- Problem: In the listing below, a line holding "实拍!西装阔腿裤女2025春夏薄款高腰长裤设计感辣妹休闲拖地裤" and a line holding "Yangın bölgesindeki son" mark the range. Retype both exactly, with all lines between them.

BEGIN The data

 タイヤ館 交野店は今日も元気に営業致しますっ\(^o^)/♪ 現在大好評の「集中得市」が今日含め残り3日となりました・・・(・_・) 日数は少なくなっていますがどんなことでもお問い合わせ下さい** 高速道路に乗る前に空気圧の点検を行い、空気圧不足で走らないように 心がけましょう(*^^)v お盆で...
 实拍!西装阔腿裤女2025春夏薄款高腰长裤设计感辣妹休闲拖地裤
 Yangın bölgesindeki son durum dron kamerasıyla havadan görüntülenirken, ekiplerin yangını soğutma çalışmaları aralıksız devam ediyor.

END The data
BEGIN The data

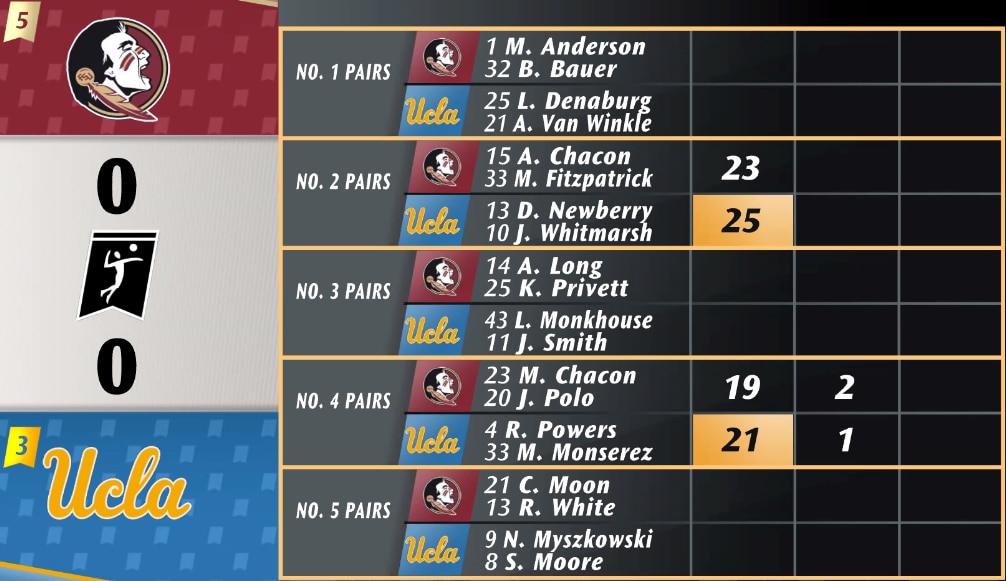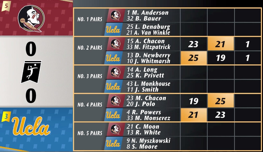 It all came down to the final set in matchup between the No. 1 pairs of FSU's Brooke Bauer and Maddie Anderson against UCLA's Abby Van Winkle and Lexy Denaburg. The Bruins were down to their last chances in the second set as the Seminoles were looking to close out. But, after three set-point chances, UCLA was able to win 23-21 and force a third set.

END The data

- Your solution:
 实拍!西装阔腿裤女2025春夏薄款高腰长裤设计感辣妹休闲拖地裤
 Yangın bölgesindeki son durum dron kamerasıyla havadan görüntülenirken, ekiplerin yangını soğutma çalışmaları aralıksız devam ediyor.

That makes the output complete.